Danescu-Niculescu-Mizil et. al., WWW 2009
Contents
Citation
author = {Danescu-Niculescu-Mizil, Cristian and Kossinets, Gueorgi and Kleinberg, Jon and Lee, Lillian}, title = {How opinions are received by online communities: a case study on amazon.com helpfulness votes}, booktitle = {Proceedings of the 18th international conference on World wide web}, series = {WWW '09}, year = {2009}, isbn = {978-1-60558-487-4}, pages = {141--150}, numpages = {10},
Online version
http://www.cs.cornell.edu/home/kleinber/www09-helpfulness.pdf
Abstract from the paper
There are many on-line settings in which users publicly express opinions. A number of these offer mechanisms for other users to evaluate these opinions; a canonical example is Amazon.com, where reviews come with annotations like "26 of 32 people found the following review helpful." Opinion evaluation appears in many off-line settings as well, including market research and political campaigns. Reasoning about the evaluation of an opinion is fundamentally different from reasoning about the opinion itself: rather than asking, "What did Y think of X?", we are asking, "What did Z think of Y's opinion of X?" Here we develop a framework for analyzing and modeling opinion evaluation, using a large-scale collection of Amazon book reviews as a dataset. We find that the perceived helpfulness of a review depends not just on its content but also but also in subtle ways on how the expressed evaluation relates to other evaluations of the same product. As part of our approach, we develop novel methods that take advantage of the phenomenon of review "plagiarism" to control for the effects of text in opinion evaluation, and we provide a simple and natural mathematical model consistent with our findings. Our analysis also allows us to distinguish among the predictions of competing theories from sociology and social psychology, and to discover unexpected differences in the collective opinion-evaluation behavior of user populations from different countries.
Summary
In this paper, the authors try to understand and model how opinions are evaluated within online communities. For example, on Amazon.com, the users not only write product reviews, but also provide us with an indication of the helpfulness of the reviews ("26 of 32 people found the following review helpful"). Previous work have shown that helpfulness votes of reviews on Amazon.com are not necessarily strongly correlated with certain measures of review quality. Rather, various complex social feedback mechanisms tend to affect how Amazon users evaluate each others' reviews in practice. The authors explored 4 different classes of theories that explain how social effects influence a group's reaction to an opinion:
- The conformity hypothesis: a review is evaluated as helpful when its star rating is closer to the consensus (or average) star rating for the product.

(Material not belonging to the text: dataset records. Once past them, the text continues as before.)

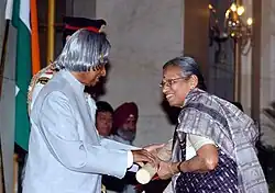 Vasundhara Komkali (1931–2015), popularly known as Vasundhara Tai, was an Indian classical musician and one of the leading exponents of the Gwalior gharana, an old Khyal tradition of Hindustani music. She was the wife of renowned musician, Kumar Gandharva,[1] and was a recipient of the 2009 Sangeet Natak Akademi Award.[2] The Government of India awarded her the fourth highest civilian honour of the Padma Shri, in 2006, for her contributions to Indian classical music.[3]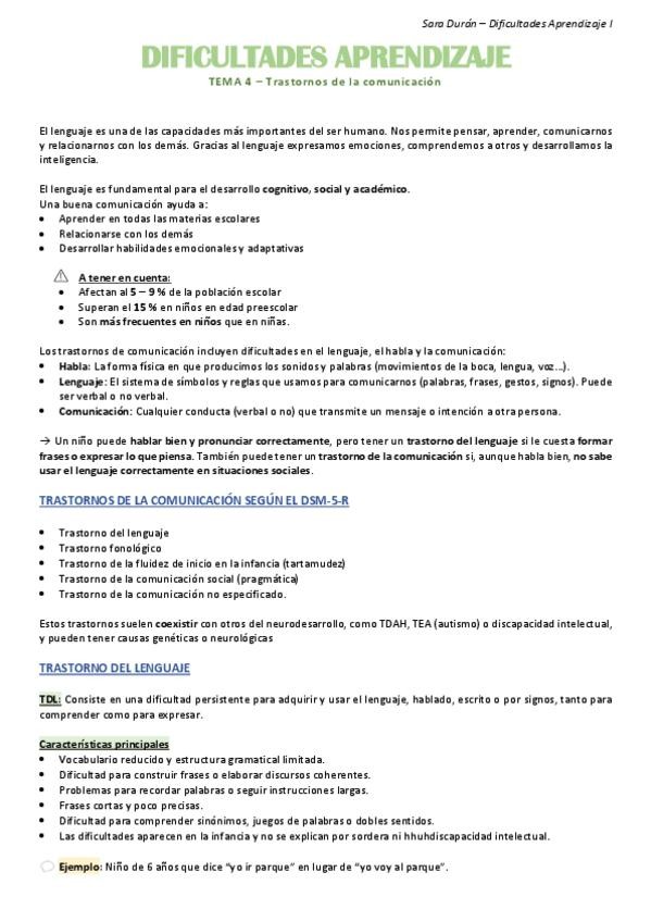 Resumen tema 4, Trastornos de la comunicación, dificultades aprendizaje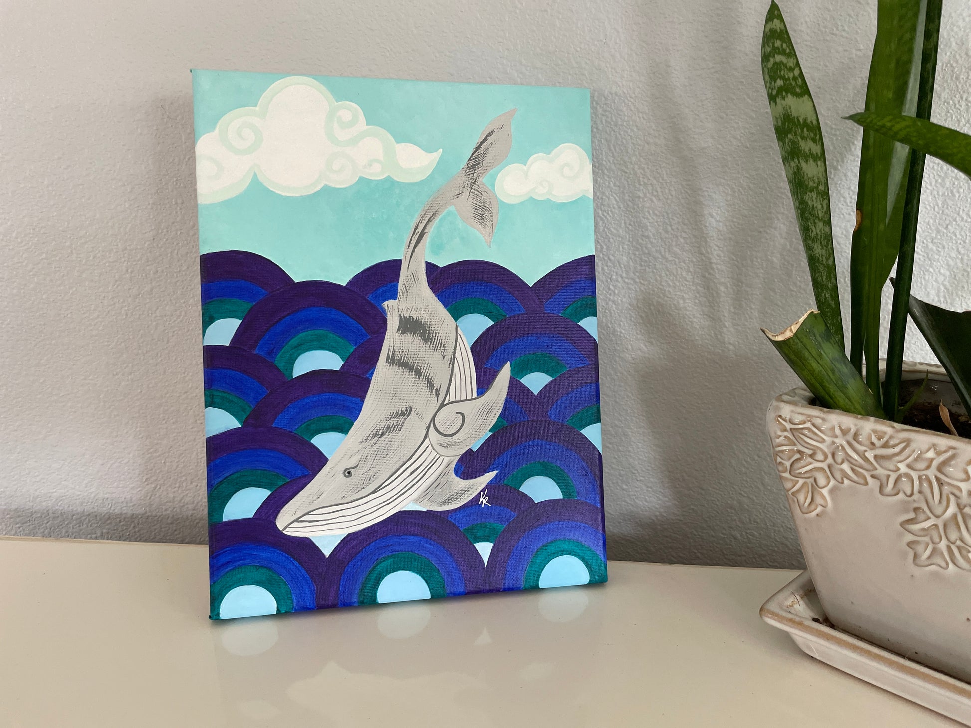 This piece is inspired by the beautiful humpback whales of Hawaii, asian block printing and asian styles of illustrations.

- The individual-bias hypothesis: a user will rate a review more highly if it expresses an opinion that he or she agrees with. Notice that if a diverse range of users apply this rule, then the overall helpfulness evaluation would be hard to distinguish from one based on conformity.

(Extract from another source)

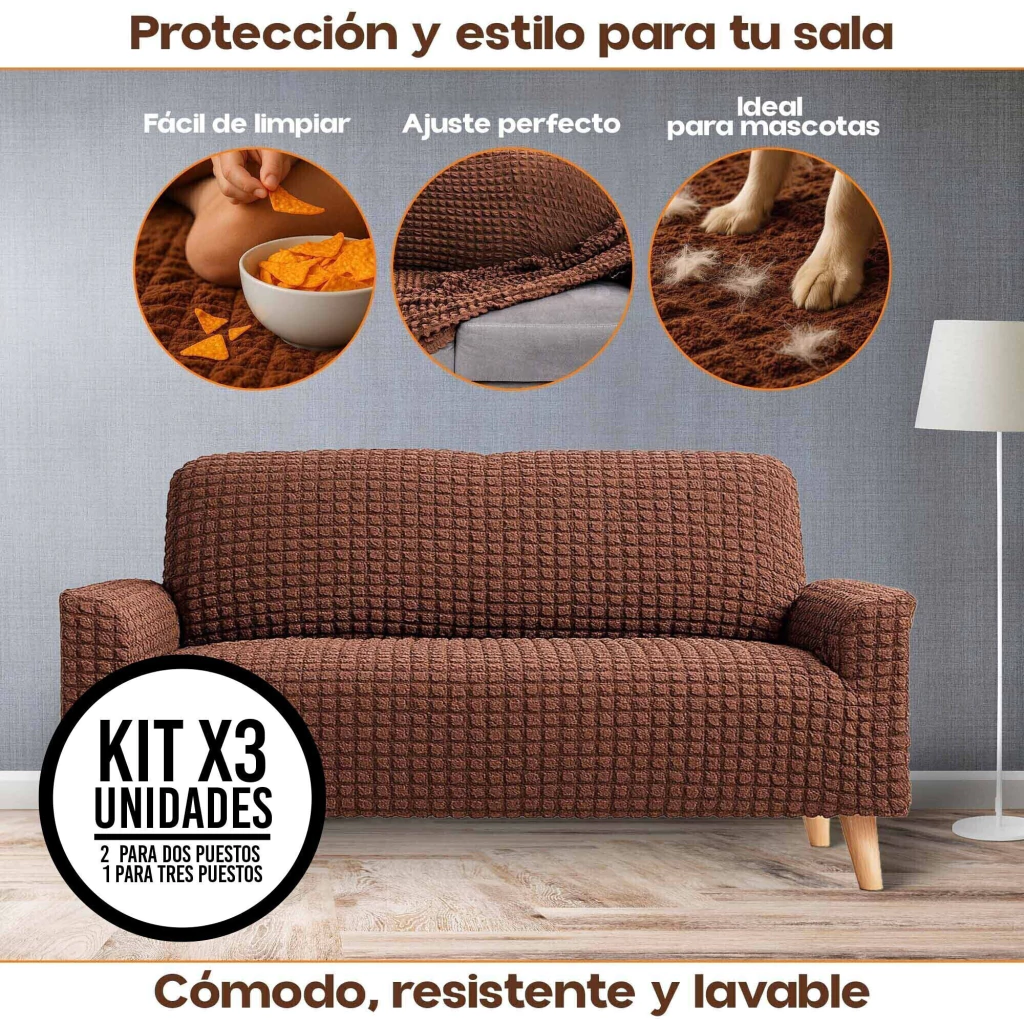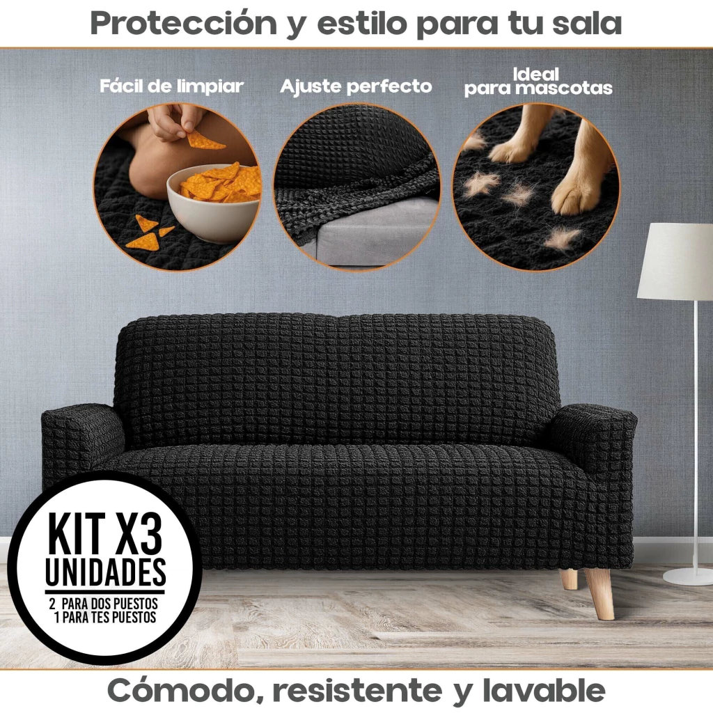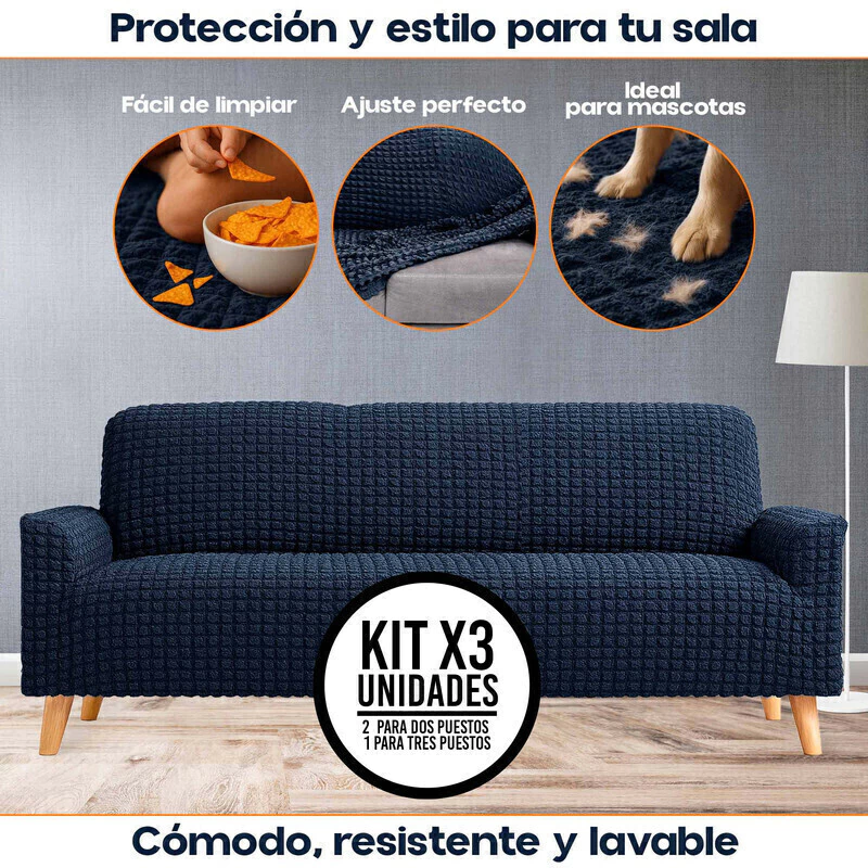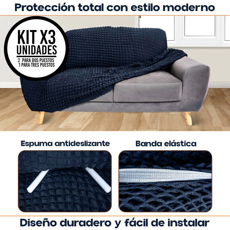 Set x3 Fundas Elásticas Sofá: 2 Dos Puestos + 1 Tres Puestos

- The brilliant-but-cruel hypothesis: negative reviewers are perceived as more intelligent, competent and expert than positive reviewers.
- The quality-only straw-man hypothesis: the helpfulness of the review is being evaluated, purely based on the textual content of the reviews.
The authors try to investigate how data on star ratings and helpfulness votes can support or contradict these hypotheses, using a dataset consisting of over four million reviews of roughly 675,000 books on Amazon's US site as well as smaller but comparably sized corpora from Amazon's UK, Germany and Japan sites.